Recorded data:
>>>>

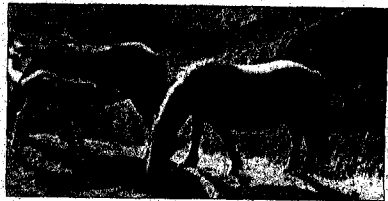
Retrat d'una família equina

Sembla una postal del Sàhara, però correspon al Parc Nacional de Timanfaya, a Lanzarote.
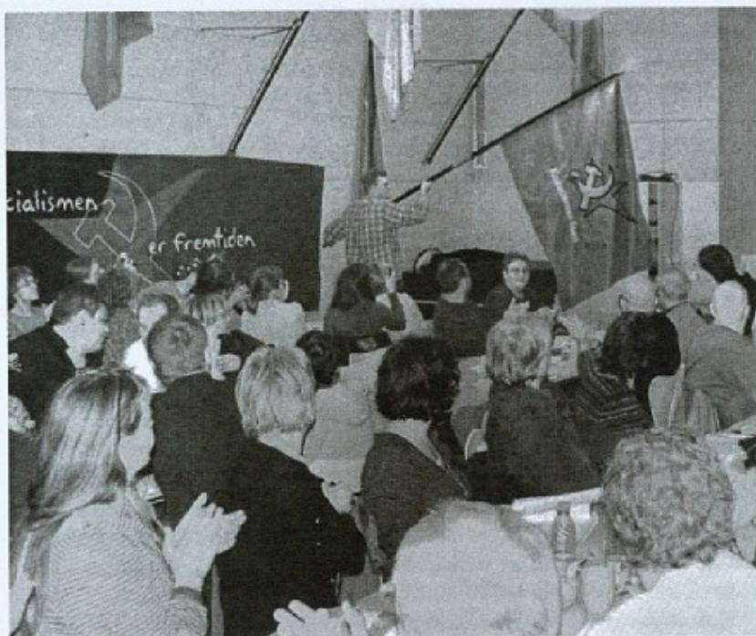
Partiets nye fane præsenteres for kongressens deltagere.
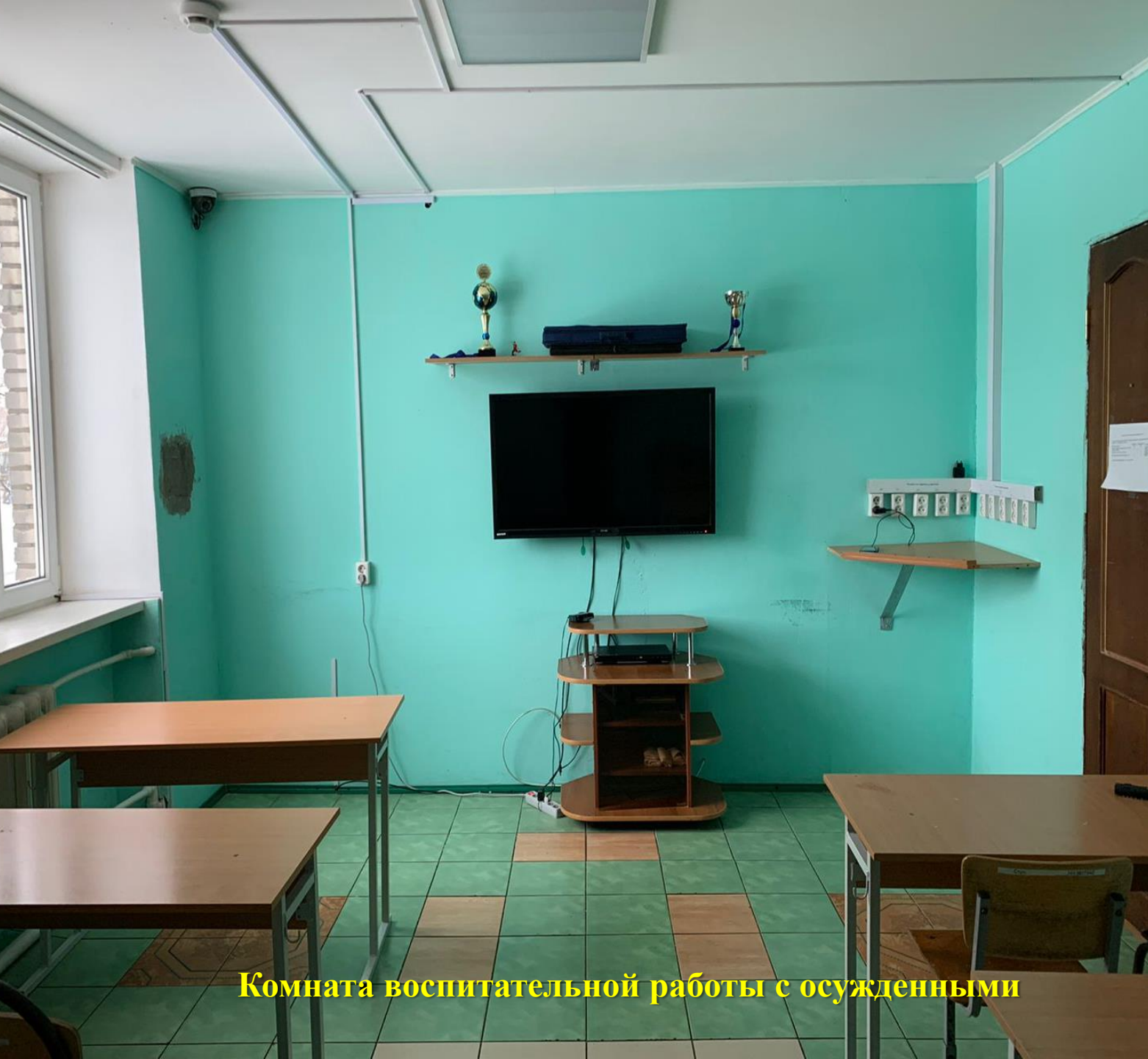
Комната воспитательной работы с осужденными
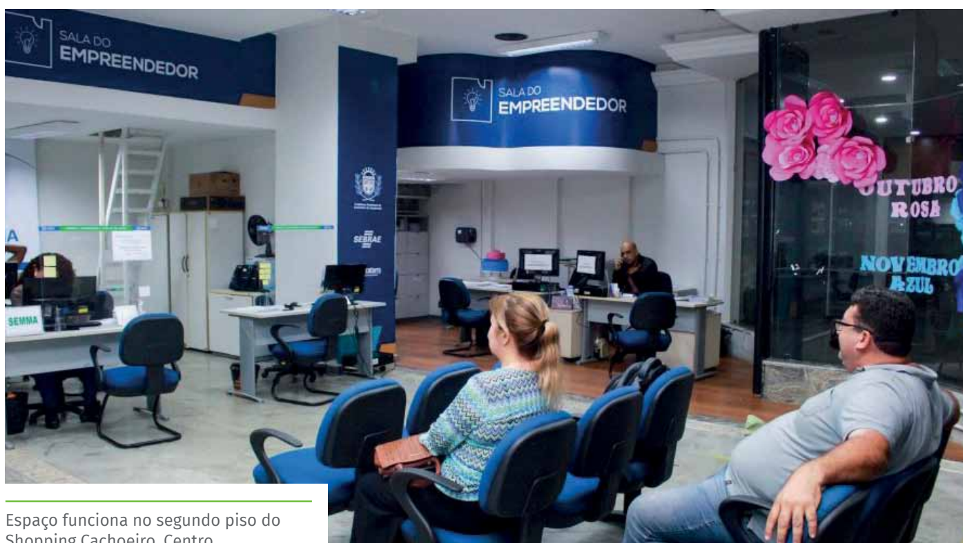
Espaço funciona no segundo piso do Shopping Cachoeiro, Centro

A Sala funciona das 9h às 18h, no Shopping Cachoeiro (2º piso), Centro, e atende pelos telefones (28) 3522-4445 e (28) 98817-5732 (Whatsapp) para demandas relacionadas ao NossoCrédito. Demais assuntos devem ser tratados pelo número (28) 3155-5292.
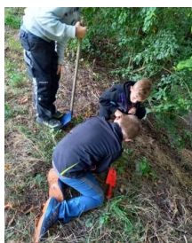
Ausflug «Boden» 3./4. Klasse
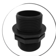
Ниппель симметричный с резьбой 1 1/4
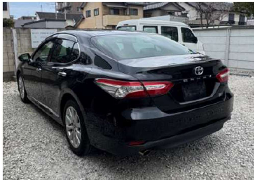
ボディカラー：アティチュードブラックマイカ(218)
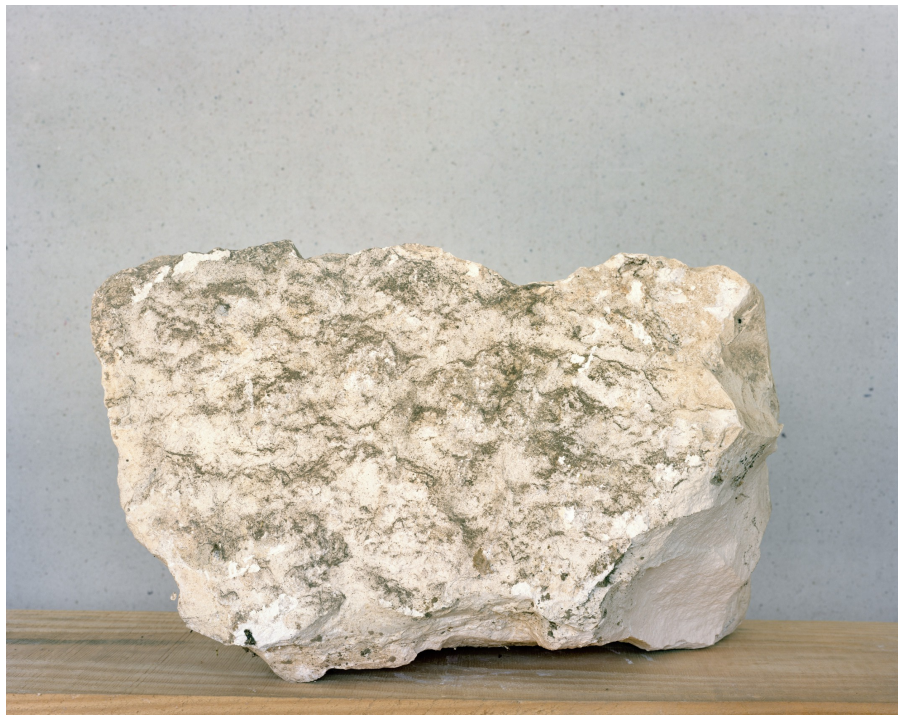
L'hortus, en cours , chambre 4 x 5 inches, Eygalières, 2021.

<<<<

WHAT THE TASK REQUIRES — Transcribe the complete set of entries verbatim. No pictures belong in the copy.

PROBLEM SOLUTION —
Retrat d'una família equina

Sembla una postal del Sàhara, però correspon al Parc Nacional de Timanfaya, a Lanzarote.
Partiets nye fane præsenteres for kongressens deltagere.
Комната воспитательной работы с осужденными
Espaço funciona no segundo piso do Shopping Cachoeiro, Centro

A Sala funciona das 9h às 18h, no Shopping Cachoeiro (2º piso), Centro, e atende pelos telefones (28) 3522-4445 e (28) 98817-5732 (Whatsapp) para demandas relacionadas ao NossoCrédito. Demais assuntos devem ser tratados pelo número (28) 3155-5292.
Ausflug «Boden» 3./4. Klasse
Ниппель симметричный с резьбой 1 1/4
ボディカラー：アティチュードブラックマイカ(218)
L'hortus, en cours , chambre 4 x 5 inches, Eygalières, 2021.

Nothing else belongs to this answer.